** HOW TO COMPLETE THIS TASK **
Exactly as written, output the lines below starting from the first and ending with the line that contains "Anlom Striped Round"; omit pictures.

[Recorded data]
· · · · ·

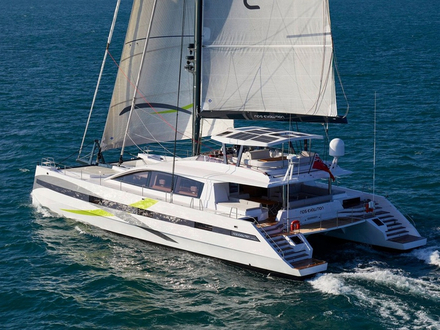 La cabine armateur occupe toute la largeur du bateau, avec un coin salon, sa vue panoramique, son accès privé au pont avant, et son incroyable luminosité. La coque bâbord accueille la salle de bains de la cabine armateur, une cabine enfants avec trois lits ainsi qu'une cabine invités à l'arrière. La coque tribord offre également une cabine invités à l'arrière. La partie avant est dédiée à l'équipage avec la cabine du capitaine, une cabine double, une vaste cuisine avec son crew mess.
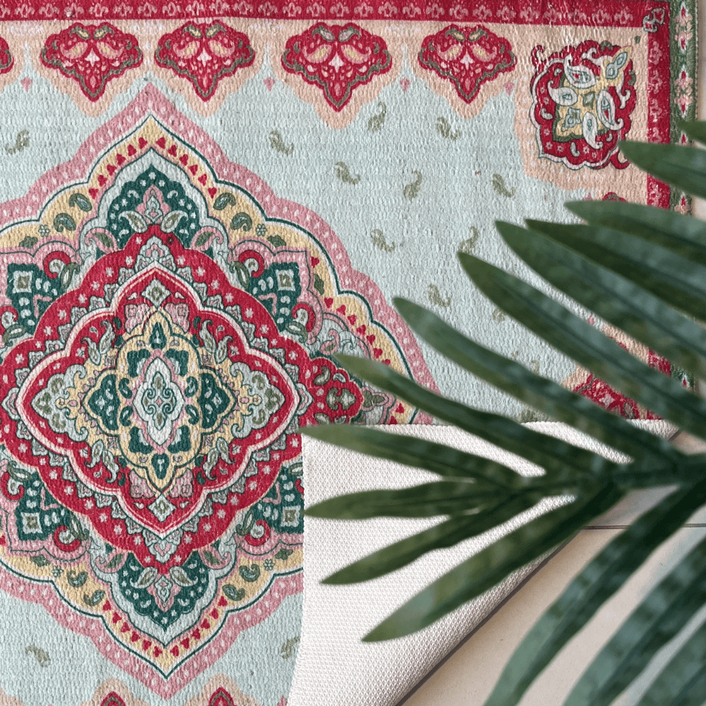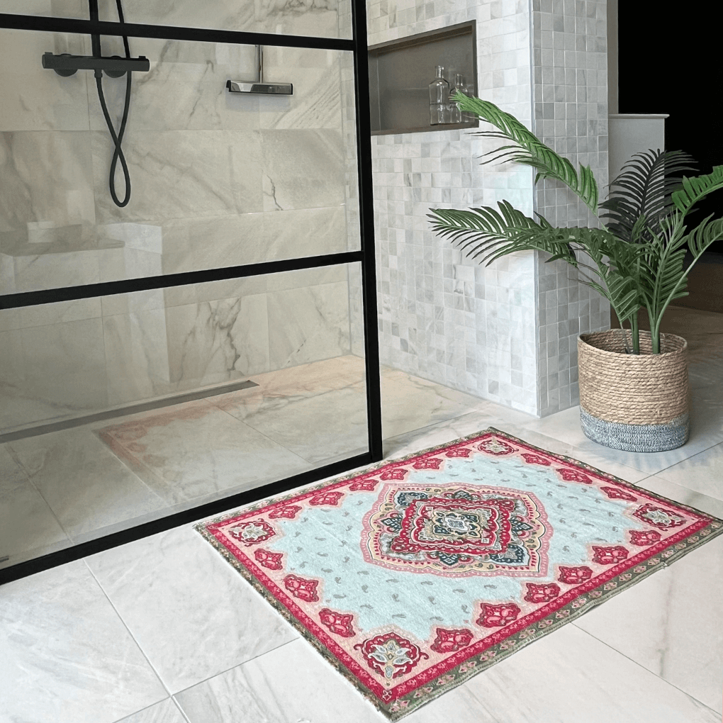 Pastellfarbene Rosenkelim-Badematte oder Türmatte.
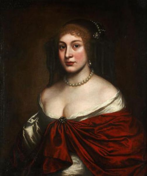 Portrait of a lady, bust-length, in a white silk dress, a red wrap and a pearl headdress
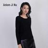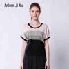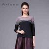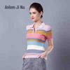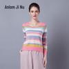 Anlom Striped Round Neck Half-Sleeve Knit Top
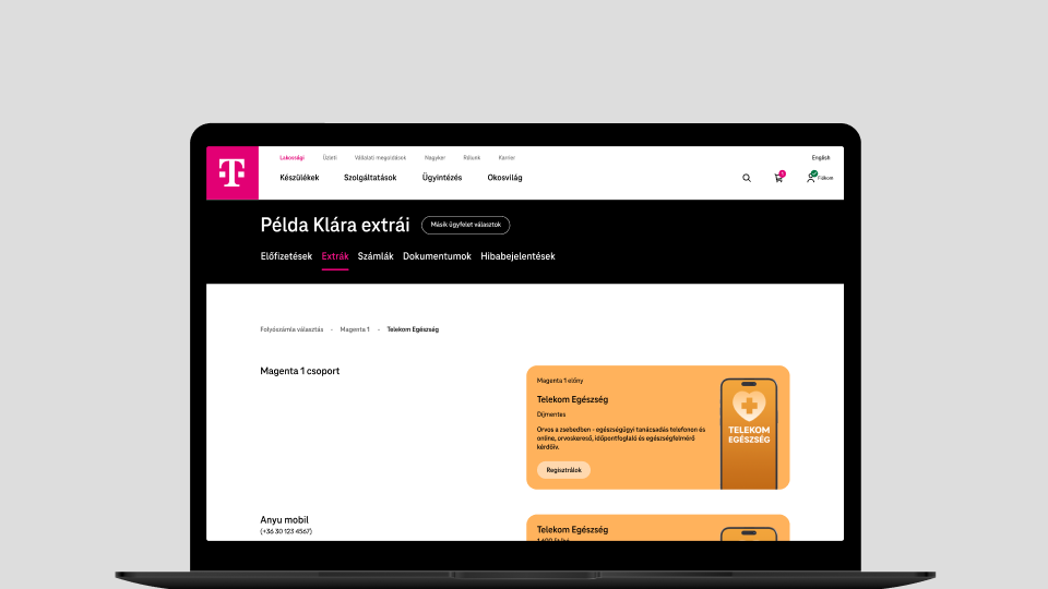 2Amennyiben 2022. augusztus utáni lakossági csomagba tartozó TV-, otthoni telefon-, internet- vagy 2019 december utáni lakossági mobil díjcsomagos vagy feltöltőkártyás Domino előfizetésed van, 1690 Ft-os havi díjjal, Domino esetén időszaki díjjal veheted igénybe a Telekom Egészség extrát.
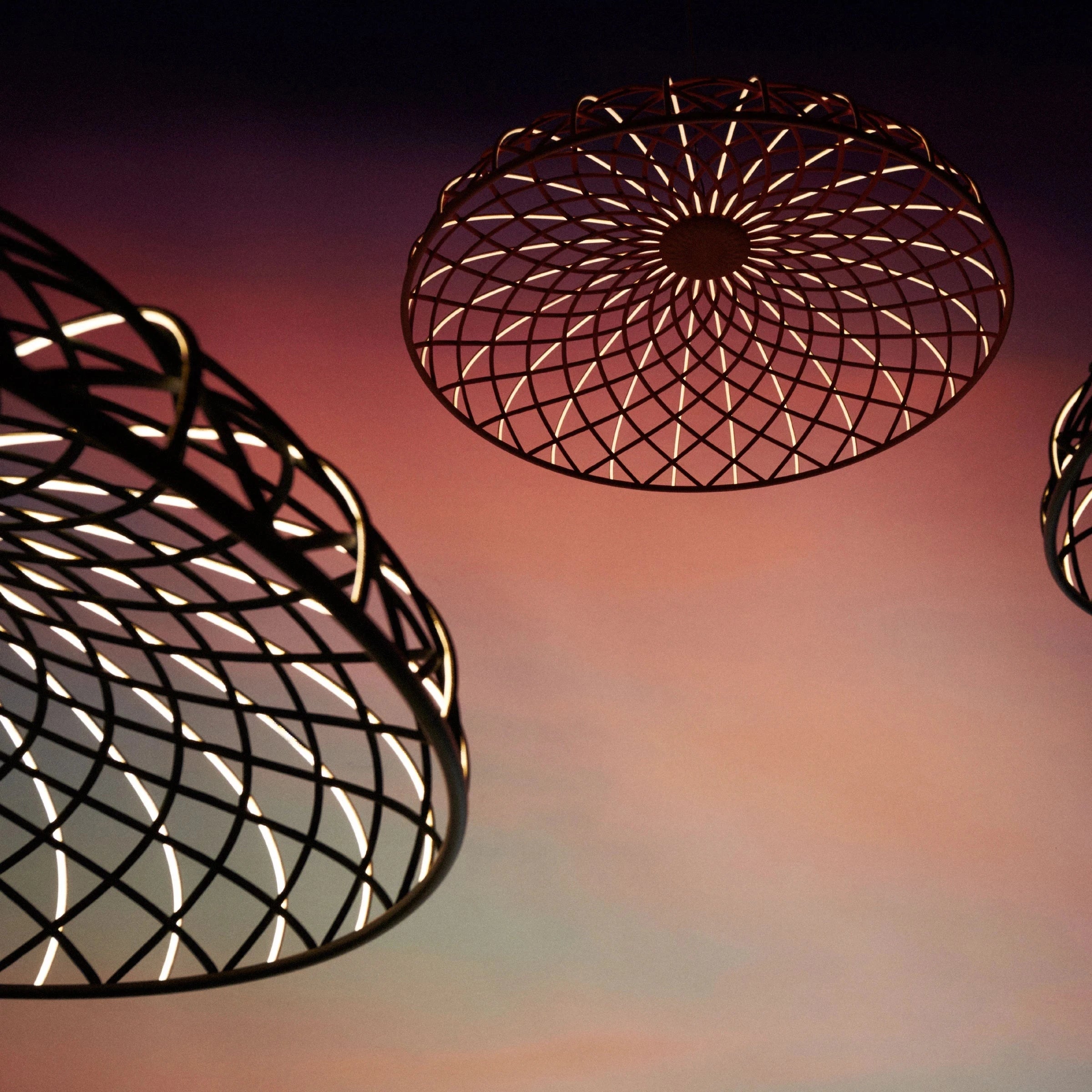 The appliance is fitted with a built-in balancing system at the top of the dome which helps adjust its balance, making it perfectly stable. The bottom of the dome is completed by an aluminium ring that keeps the domes entire network structure in place through a simple snap-fit system. The product is assembled with absolutely no glue so it can be fully separated to be recycled in the future and in case of any repairs or replacements. Available lamp finishes: Blue Tourmaline, Almond, Anthracite or Brick Red.Fitted with built-in electronics that allow for the use of different dimmer systems: 0-10V / 1-10V / DALI / PUSH."
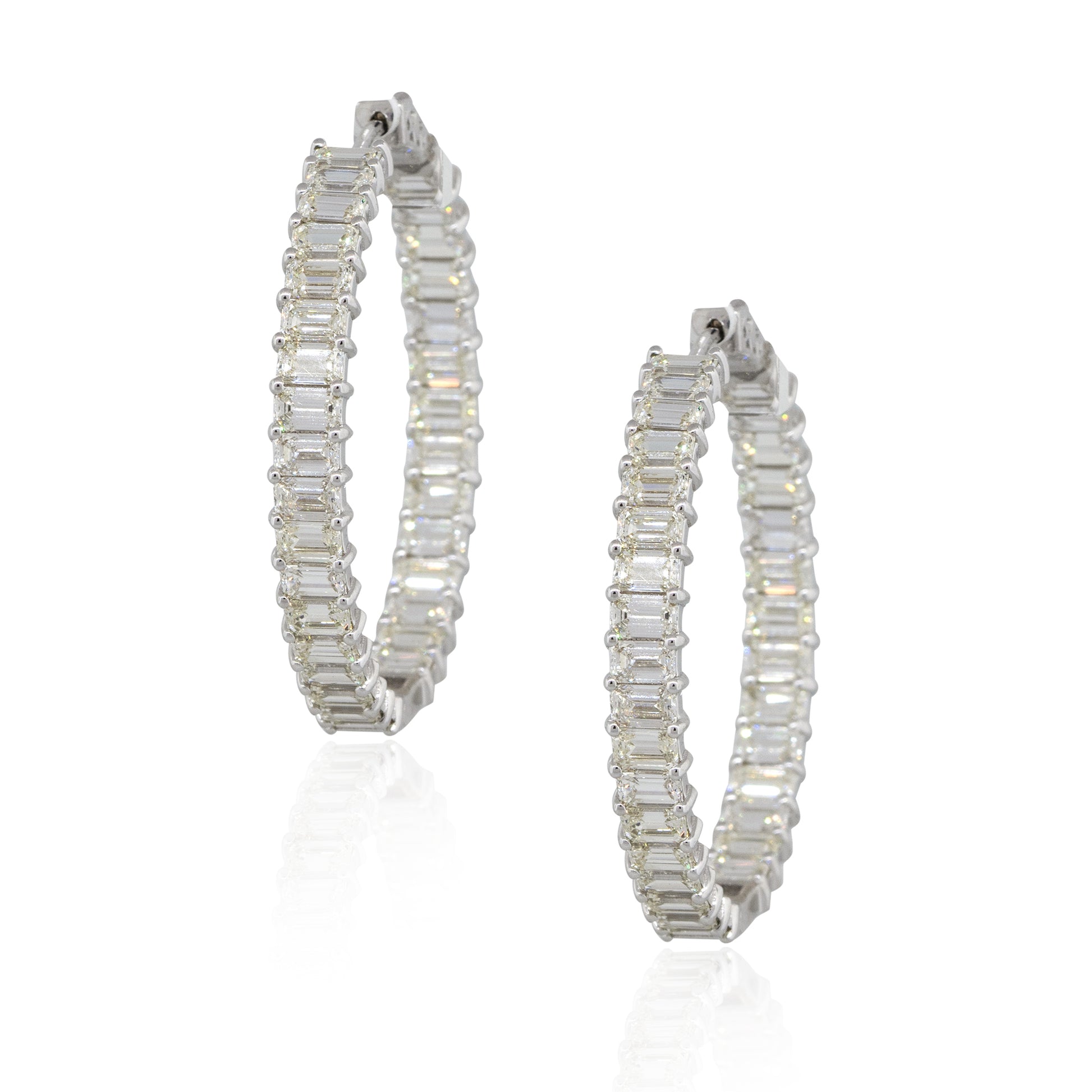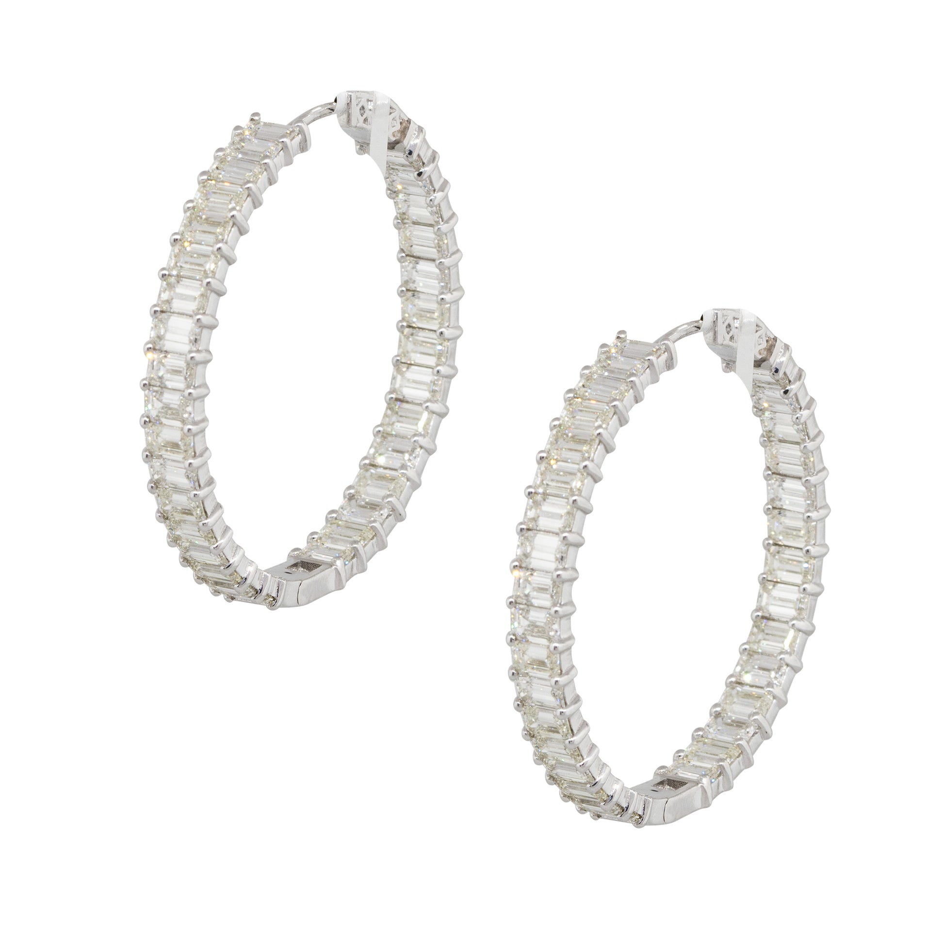 Elevate your fine jewelry collection with these spectacular inside-out hoop earrings featuring an incredible 11.75 carats of baguette cut diamonds. Crafted in gleaming 14k white gold, the stones line both the outer front and inner back curves—ensuring maximum brilliance from every angle.

· · · · ·

** ANSWER **
 La cabine armateur occupe toute la largeur du bateau, avec un coin salon, sa vue panoramique, son accès privé au pont avant, et son incroyable luminosité. La coque bâbord accueille la salle de bains de la cabine armateur, une cabine enfants avec trois lits ainsi qu'une cabine invités à l'arrière. La coque tribord offre également une cabine invités à l'arrière. La partie avant est dédiée à l'équipage avec la cabine du capitaine, une cabine double, une vaste cuisine avec son crew mess.
 Pastellfarbene Rosenkelim-Badematte oder Türmatte.
 Portrait of a lady, bust-length, in a white silk dress, a red wrap and a pearl headdress
 Anlom Striped Round Neck Half-Sleeve Knit Top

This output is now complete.